Unfortunately for TSLA stock and the rest of the ecosystem, those glory days are likely gone. While U.S. consumers generally weathered the crisis relatively well thanks to unprecedented governmental intervention, even they couldn’t withstand the onerous headwinds of stubbornly elevated inflation and subsequent high borrowing costs. And even though Tesla buyers tend to be wealthier than the average American worker, the economic malaise is clearly impacting the company.

How can one be so sure? Simple – investors just need to look at what the company’s doing.

As TipRanks reporter Radhika Saraogi pointed out last year, Tesla has been cutting prices for its vehicles both here and abroad. Essentially, CEO Elon Musk is prioritizing volume sales over gross margin performance. However, he may find this policy easier said than done.

Between 2021 through 2023, Tesla’s revenue expanded at a compound annual growth rate (CAGR) of 21.63%. However, U.S. battery plug-in EV unit sales enjoyed a CAGR of 22.85% during the same period. Stated differently, Tesla is underperforming the industry, likely because of the combination of challenging economics and rising competition.

Circumstances might worsen from here. As premium-level competitors like Rivian Automotive (NASDAQ:RIVN) demonstrate, the low-hanging fruit is gone. This means that well-off consumers who were interested in EVs have likely already bought them. Moving forward, Tesla will have to compete for the middle-income consumer.

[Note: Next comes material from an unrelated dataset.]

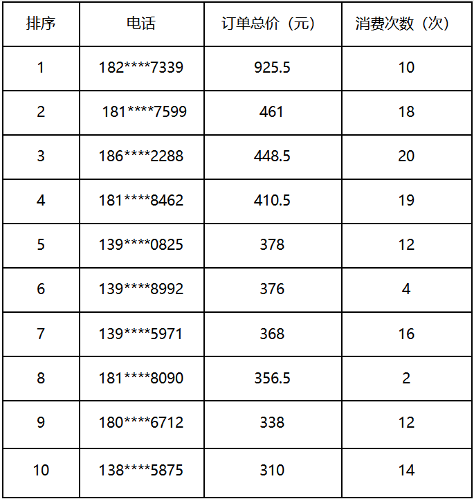会员消费金额之星

However, that’s the domain of the legacy automakers, who enjoy longstanding brand loyalty and economies of scale. It’s not that Tesla can’t compete – it’s just that it must expend more “energy” to do so.

Valuation Dilemma

The increased energy expenditure then poses a problem for TSLA stock in terms of its valuation. Right now, shares trade hands for 45x trailing-year earnings. That’s wildly hot for the auto manufacturing industry, which runs an average multiple of 19.5x.

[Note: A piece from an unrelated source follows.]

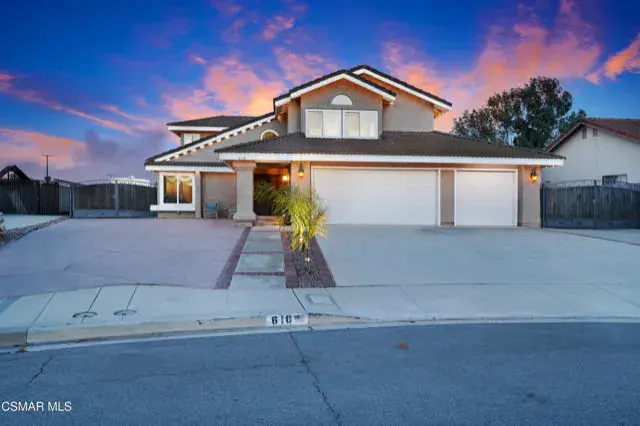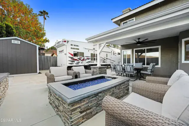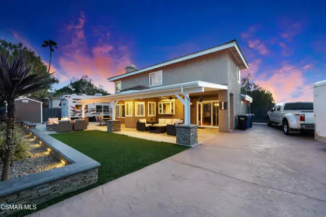 Welcome to 610 Nicole Drive in beautiful Newbury Park–a rare turnkey gem nestled in the sought-after Conejo Valley Unified School District with NO HOA and exceptional RV parking on both sides of the property.This stunning 2-story traditional home is fully remodeled with top-tier finishes and thoughtful design throughout. Enter through double doors to a bright, airy floor plan with soaring vaulted ceilings, large tile floors on the main level, and custom paintwork that elevates every space. The elegant custom staircase features new wood treads and iron balusters that set the tone for the home’s craftsmanship.The gourmet kitchen is a chef’s dream with granite countertops, rich dark cabinetry, stainless steel appliances, a center island with tray ceiling detail, mosaic tile backsplash, and an inviting breakfast nook with views to the beautifully designed backyard. The adjacent family room showcases a cozy gas log fireplace and recessed lighting, perfect for relaxing or entertaining.All bedrooms are located upstairs and feature wood-look luxury vinyl plank flooring, paneled closet doors, ceiling fans, and abundant natural light. The expansive primary suite is a true retreat with vaulted ceilings, double-door entry, and a spa-like ensuite featuring dual vanities, a jetted tub, custom tile shower with dual showerheads, and a tray ceiling.Step outside to a backyard oasis ideal for California living: enjoy the custom patio cover with plank ceiling, recessed lighting, masonry-wrapped columns, and built-in ceiling fan. The outdoor lounge area boasts a gorgeous glass rock fire feature, perfect for stargazing or entertaining. Low-maintenance artificial turf, professional hardscaping, lighting, drip irrigation, and dual 12’x67′ and 10’x60′ gated RV parking pads offer unmatched versatility.Additional upgrades include: dual-pane windows, newer HVAC system, indoor laundry room, epoxy-finished 3-car garage with WiFi openers, extensive storage, and a stamped concrete driveway. Conveniently located near hiking/biking trails, top-rated schools, and just minutes from the 101 freeway and local beaches.This remodeled, move-in ready home is the full package–don’t miss your opportunity to own this Newbury Park beauty with RV parking and more!

Of course, the argument for TSLA stock has been that its underlying innovations demand a higher multiple. That might have been the case earlier. However, we’re in an environment where again, Tesla’s sales growth underperforms that of the core domestic industry.

In my opinion, TSLA stock needs to be either offered at a discount or provide passive income to reflect this new reality. Options traders appear to be thinking ahead, which may explain the bearish derivative positions.

Is TSLA Stock a Buy, According to Analysts?

Turning to Wall Street, TSLA stock has a Hold consensus rating based on 11 Buys, 19 Holds, and five Sell ratings. The average TSLA stock price target is $211.58, implying 4.41% upside potential.

The Takeaway: The Honeymoon Is Over for TSLA Stock

While Tesla undoubtedly represents one of the most important businesses, it’s also facing new realities. No longer the latest thing in town that everyone wants to buy, the EV maker must compete with more rivals in an economically restrictive environment. Given these challenges, TSLA stock appears overpriced, which explains why many options traders see implied value to the downside.